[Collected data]
###

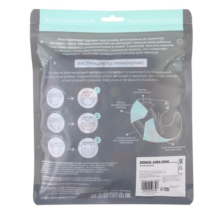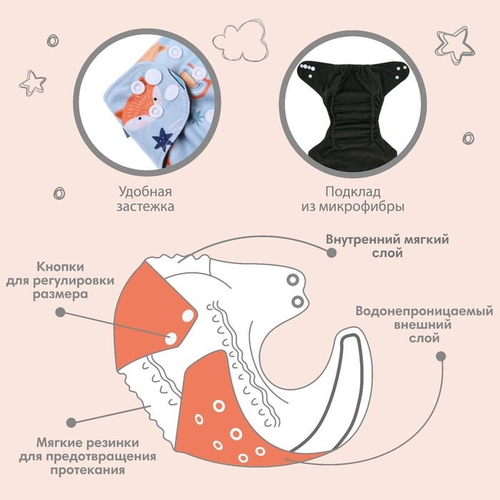 • Подгузник имеет удобный кармашек для вкладыша;
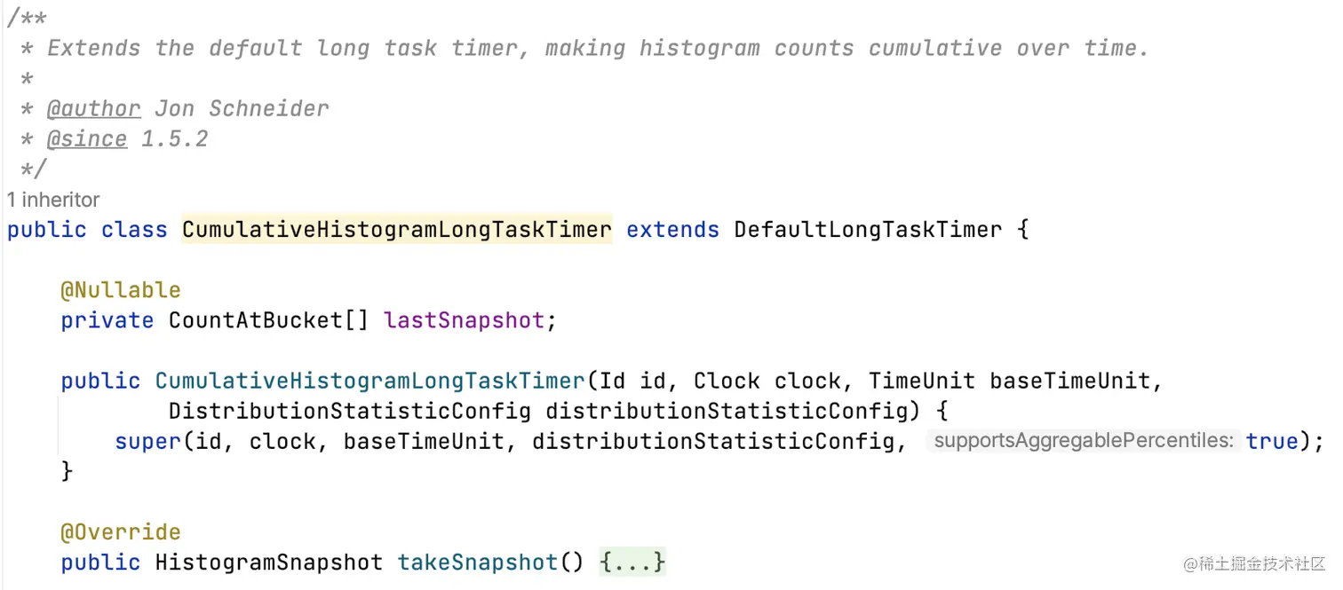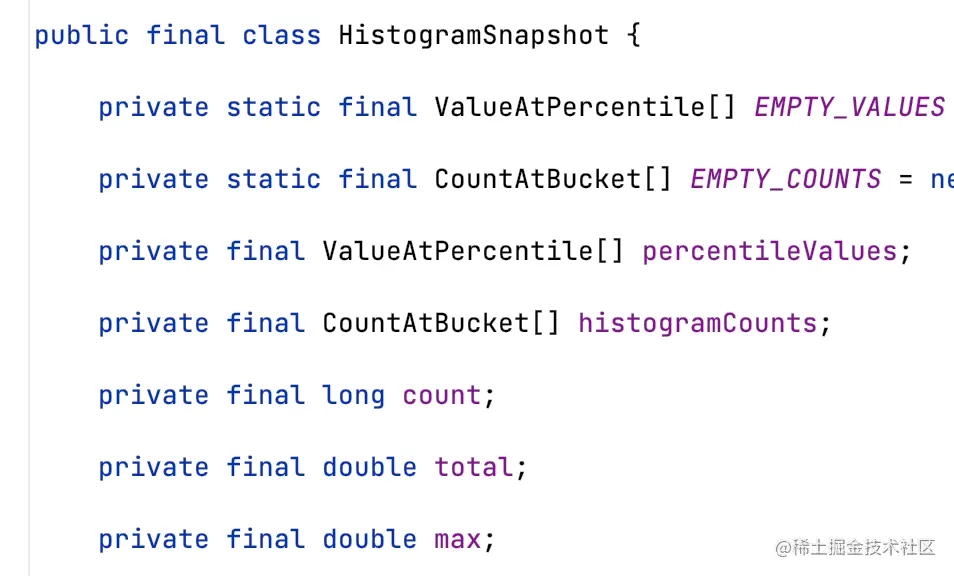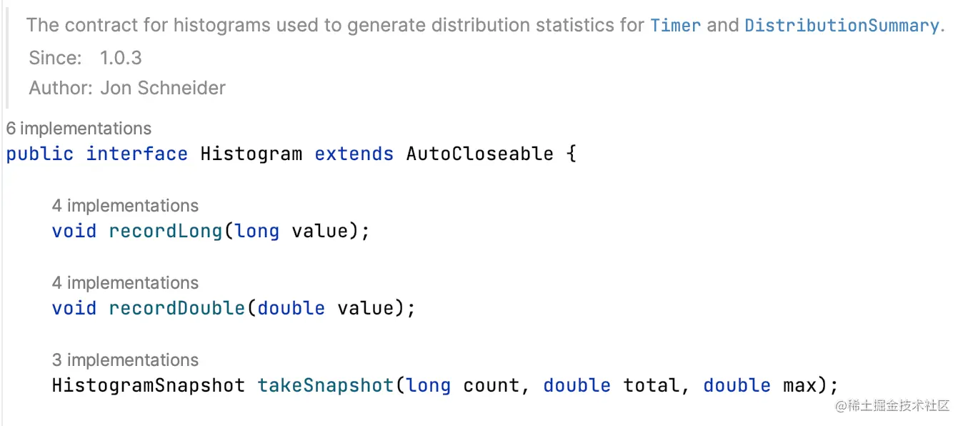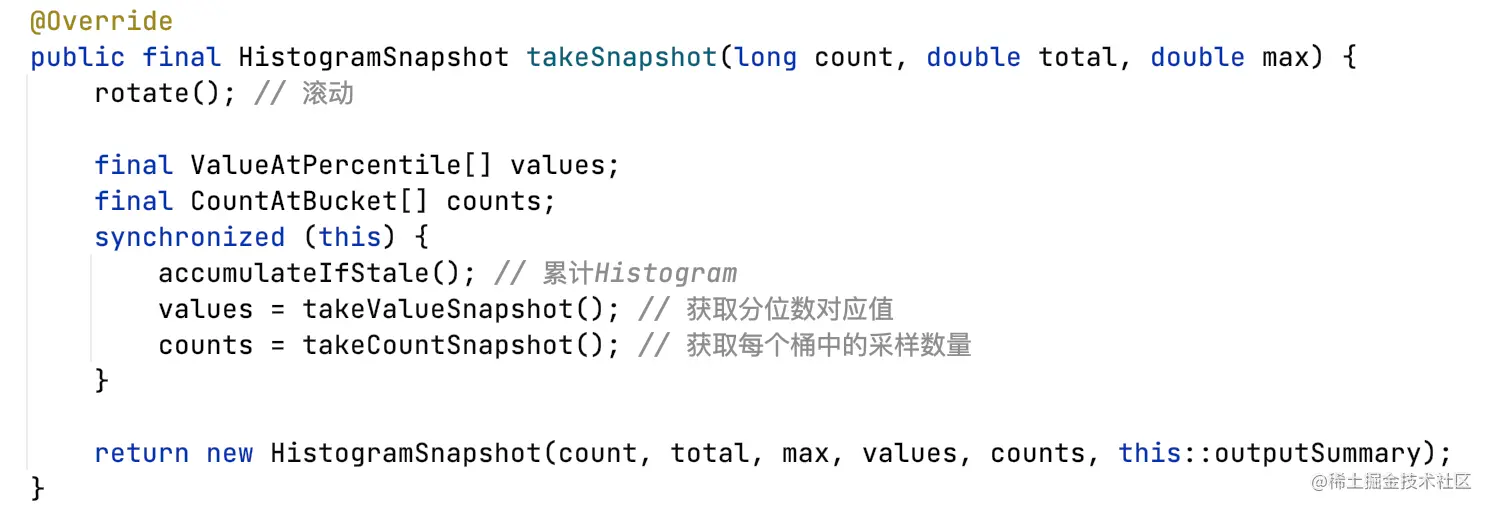 Histogram自身具备takeSnapshot能力,所以一般Timer和Summary都会委派底层Histogram生成快照。
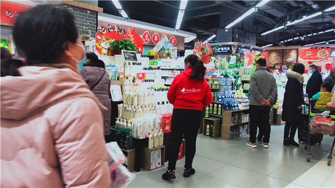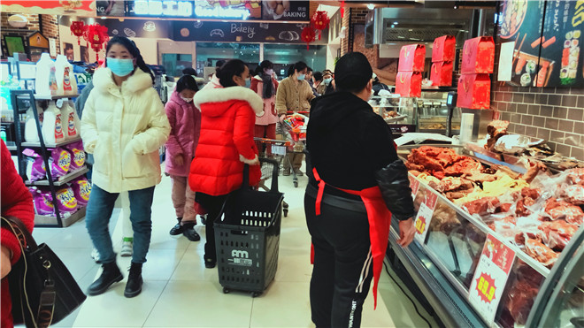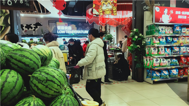春節(jié)將至,我市各大超市處處是濃濃的年味。1月26日,記者走進(jìn)我市中心城區(qū)各大超市發(fā)現(xiàn),超市內(nèi)熙熙攘攘,生鮮果蔬區(qū)域消費者尤多,絕大多數(shù)消費者自覺佩戴口罩。②11
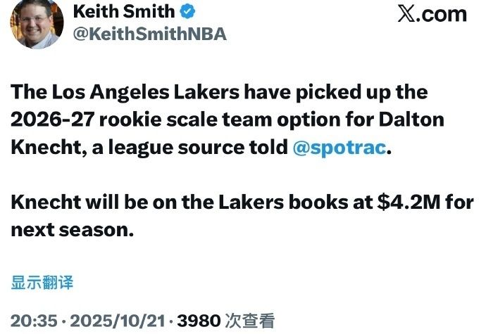 北京时间10月21日,根据NBA记者Keith Smith报道,湖人已经执行24岁年轻球员克内克特的2026-27赛季价值420万美元的球队选项。只是克内克特自从上赛季交易告吹后,他重返湖人就状态持续下滑,在此前的季前赛表现被外界批评为“负资产”,湖人想要交易他存在困难。
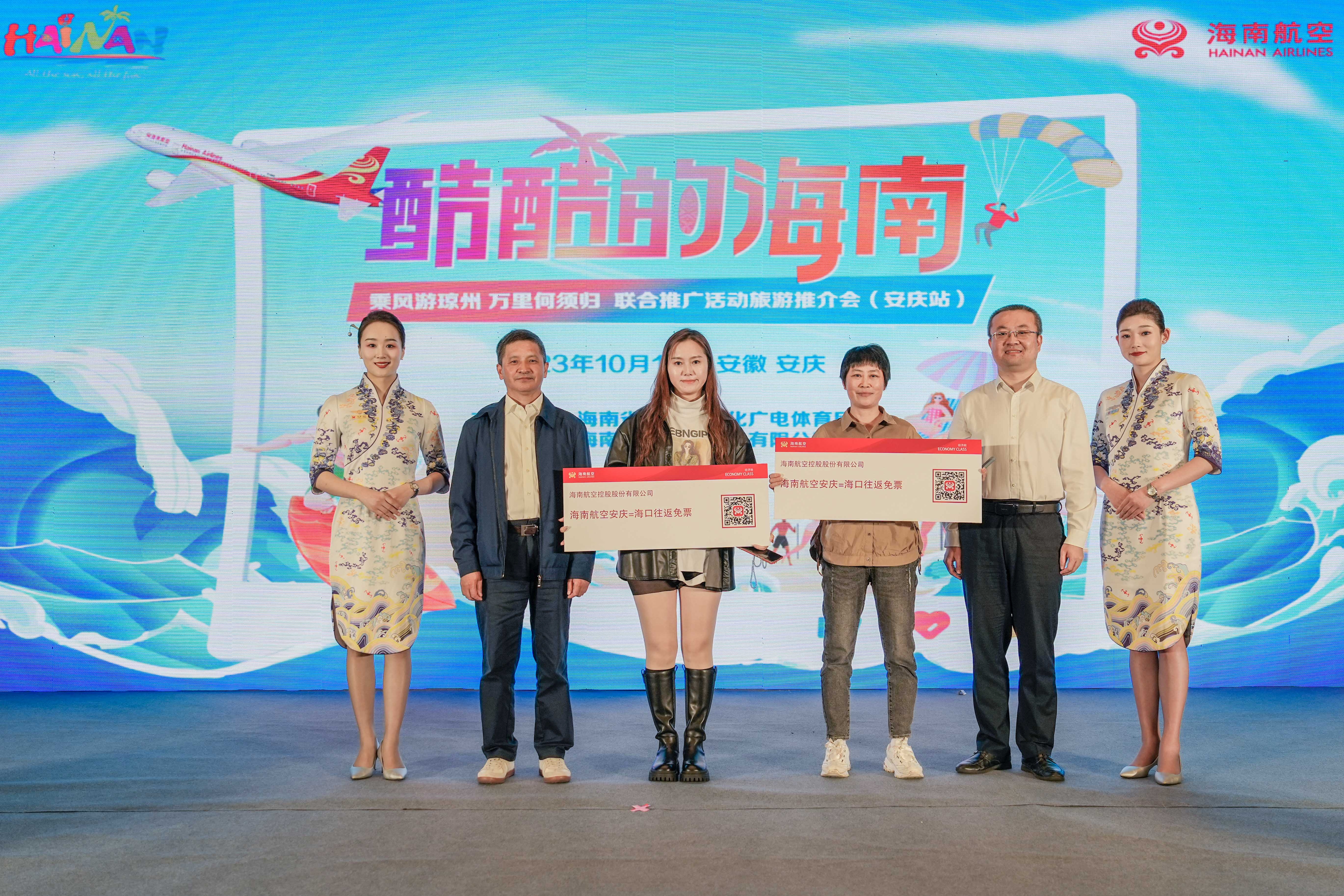 图:“酷酷的海南—乘风游琼州 万里何须归”联合推广活动旅游推介会与会领导嘉宾合影 民航资源网2023年10月14日消息:10月13日下午,由海南省旅游和文化广电体育厅主办,海南航空控股股份有限公司承办的“酷酷的海南——乘风游琼州万里何须归”联合推广活动六城市推介会首站亮相安庆,现场推介“酷酷的海南”旅游新形象及海南旅游相关航线、航旅产品,让现场观众“云游海南”,感受海南的独特魅力。
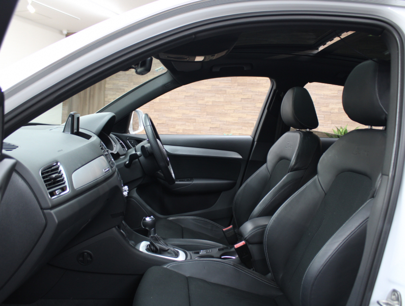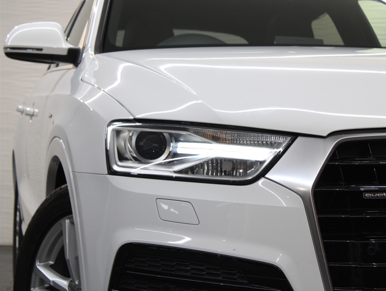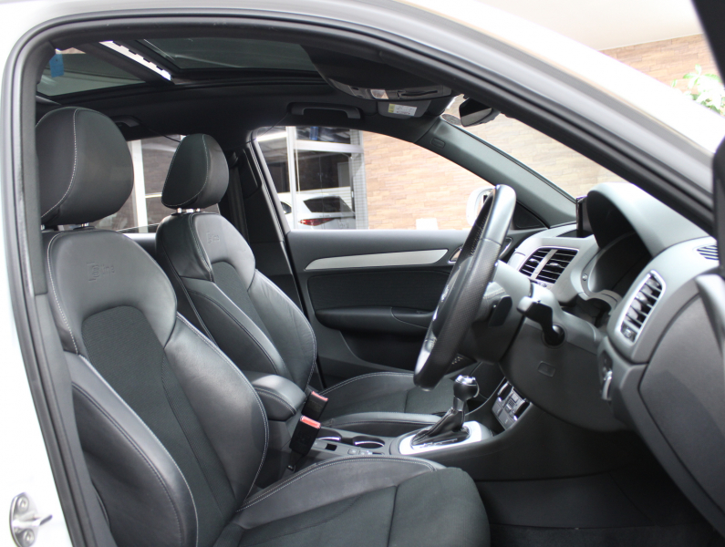 使い勝手の良い4WD!! もちろん事故歴ありません!! 綺麗な外装色グレイシアホワイトにSライン専用エクステリア&専用18インチアルミホイールが迫力あるエクステリアを演出!! 使用感はとても少なく禁煙の室内はお洒落なブラックハーフレザーシートに解放感溢れるパノラマサンルーフに加えスタイリッシュなマイクロメタリックシルバートリムの組み合わせ!! 使い勝手の良い純正MMIナビ・地デジチューナーに加え、運転をサポートするアウディパーキングシステムリアビューカメラも装備!! さらには便利なアドバンスドキーシステムやパワーシート、ヒルディセントアシストも完備!! 2.0L 直列4気筒TFSIエンジンに7速Sトロニックやスタートストップシステムにより燃費向上を実現!! Q3 4WDモデルをお探しの方はお急ぎください!!
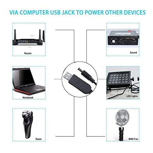 Generic - كابل محول تيار مستمر 5 فولت الى تيار مستمر 12 فولت 2.1 ملم × 5.5 ملم، موصل تيار مستمر ذكر، كابل طاقة USB الى تيار مستمر من سينسليس - 1 م
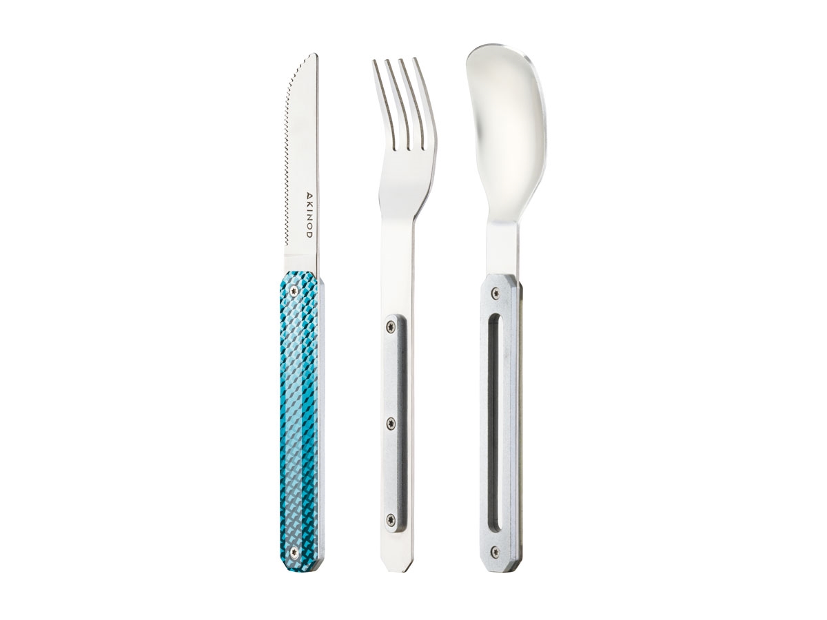 L' Akinod Straight Magnetic 12H34 è un pratico set di posate adatto ad una gita in campeggio, un'escursione o in ufficio. Il set è composto da una forchetta, un cucchiaio ed un coltello con lama seghettata e si assembla in modo compatto grazie alla presenza di magneti. Il suo design elegante e raffinato lo rende unico e la vasta gamma di motivi dei manici permette ad ogni membro del gruppo o della famiglia di selezionare il proprio Akinod 12H34. E' disponibile sia con finitura lucida che con finitura lucida nera.
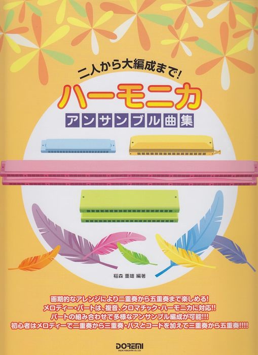 ハーモニカの合奏曲集です。メロディ・パート(複音、クロマチック・ハーモニカなど)と伴奏パート(バス、コード・ハーモニカ)のアレンジで、パートの組み合わせによって二重奏から五重奏までのアンサンブルが可能です。パートの難易度にバリエーションを持たせてありますので、初心者、上級者問わずお楽しみ頂けます。
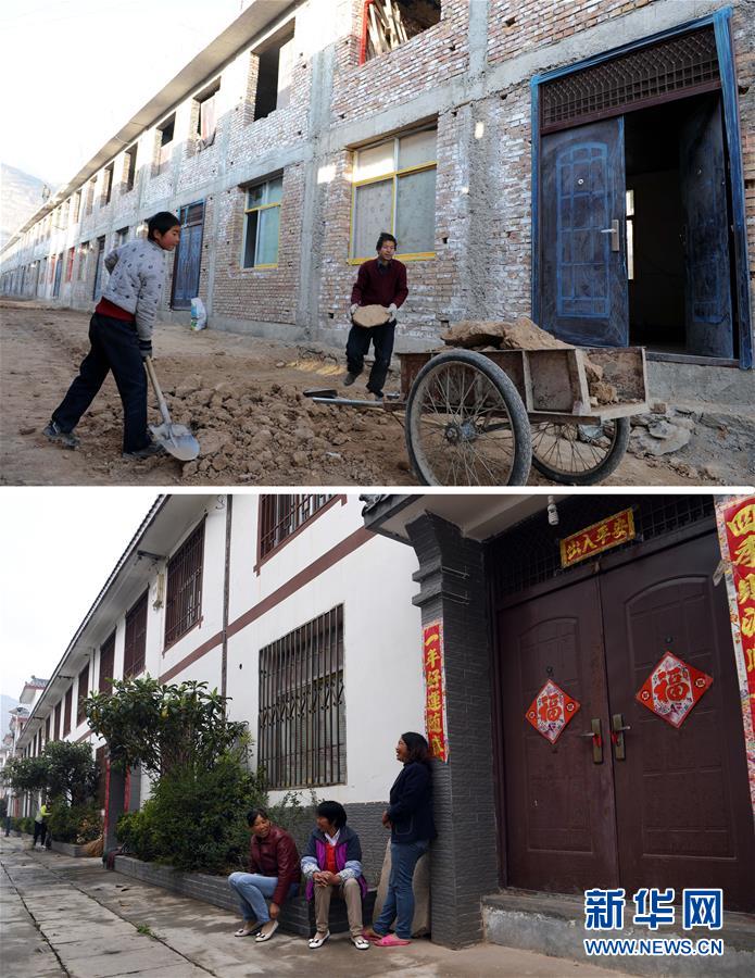 这是一张拼版照片,上图为2009年1月24日,甘肃陇南武都区马街镇感恩村村民在新建的村中平整街道(新华社记者马宁摄);下图为2018年5月9日,感恩村村民在村中聊天(新华社记者范培珅摄)。
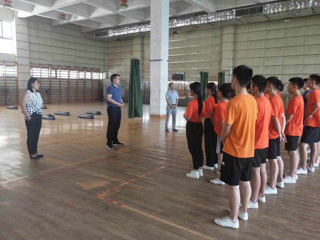 8月6日,体育公司党委书记王开友、副经理林秋菊、党委副书记高栋梁一行来到太阳成城集团tyc234cc官网考研自习室与健美操馆,慰问暑期留校备战考研和赛事集训的员工。

###

Try it - Repeat the records word for word, skipping pictures.

Output for this exercise -
 • Подгузник имеет удобный кармашек для вкладыша;
 Histogram自身具备takeSnapshot能力,所以一般Timer和Summary都会委派底层Histogram生成快照。
春節(jié)將至,我市各大超市處處是濃濃的年味。1月26日,記者走進(jìn)我市中心城區(qū)各大超市發(fā)現(xiàn),超市內(nèi)熙熙攘攘,生鮮果蔬區(qū)域消費者尤多,絕大多數(shù)消費者自覺佩戴口罩。②11
 北京时间10月21日,根据NBA记者Keith Smith报道,湖人已经执行24岁年轻球员克内克特的2026-27赛季价值420万美元的球队选项。只是克内克特自从上赛季交易告吹后,他重返湖人就状态持续下滑,在此前的季前赛表现被外界批评为“负资产”,湖人想要交易他存在困难。
 图:“酷酷的海南—乘风游琼州 万里何须归”联合推广活动旅游推介会与会领导嘉宾合影 民航资源网2023年10月14日消息:10月13日下午,由海南省旅游和文化广电体育厅主办,海南航空控股股份有限公司承办的“酷酷的海南——乘风游琼州万里何须归”联合推广活动六城市推介会首站亮相安庆,现场推介“酷酷的海南”旅游新形象及海南旅游相关航线、航旅产品,让现场观众“云游海南”,感受海南的独特魅力。
 使い勝手の良い4WD!! もちろん事故歴ありません!! 綺麗な外装色グレイシアホワイトにSライン専用エクステリア&専用18インチアルミホイールが迫力あるエクステリアを演出!! 使用感はとても少なく禁煙の室内はお洒落なブラックハーフレザーシートに解放感溢れるパノラマサンルーフに加えスタイリッシュなマイクロメタリックシルバートリムの組み合わせ!! 使い勝手の良い純正MMIナビ・地デジチューナーに加え、運転をサポートするアウディパーキングシステムリアビューカメラも装備!! さらには便利なアドバンスドキーシステムやパワーシート、ヒルディセントアシストも完備!! 2.0L 直列4気筒TFSIエンジンに7速Sトロニックやスタートストップシステムにより燃費向上を実現!! Q3 4WDモデルをお探しの方はお急ぎください!!
 Generic - كابل محول تيار مستمر 5 فولت الى تيار مستمر 12 فولت 2.1 ملم × 5.5 ملم، موصل تيار مستمر ذكر، كابل طاقة USB الى تيار مستمر من سينسليس - 1 م
 L' Akinod Straight Magnetic 12H34 è un pratico set di posate adatto ad una gita in campeggio, un'escursione o in ufficio. Il set è composto da una forchetta, un cucchiaio ed un coltello con lama seghettata e si assembla in modo compatto grazie alla presenza di magneti. Il suo design elegante e raffinato lo rende unico e la vasta gamma di motivi dei manici permette ad ogni membro del gruppo o della famiglia di selezionare il proprio Akinod 12H34. E' disponibile sia con finitura lucida che con finitura lucida nera.
 ハーモニカの合奏曲集です。メロディ・パート(複音、クロマチック・ハーモニカなど)と伴奏パート(バス、コード・ハーモニカ)のアレンジで、パートの組み合わせによって二重奏から五重奏までのアンサンブルが可能です。パートの難易度にバリエーションを持たせてありますので、初心者、上級者問わずお楽しみ頂けます。
 这是一张拼版照片,上图为2009年1月24日,甘肃陇南武都区马街镇感恩村村民在新建的村中平整街道(新华社记者马宁摄);下图为2018年5月9日,感恩村村民在村中聊天(新华社记者范培珅摄)。
 8月6日,体育公司党委书记王开友、副经理林秋菊、党委副书记高栋梁一行来到太阳成城集团tyc234cc官网考研自习室与健美操馆,慰问暑期留校备战考研和赛事集训的员工。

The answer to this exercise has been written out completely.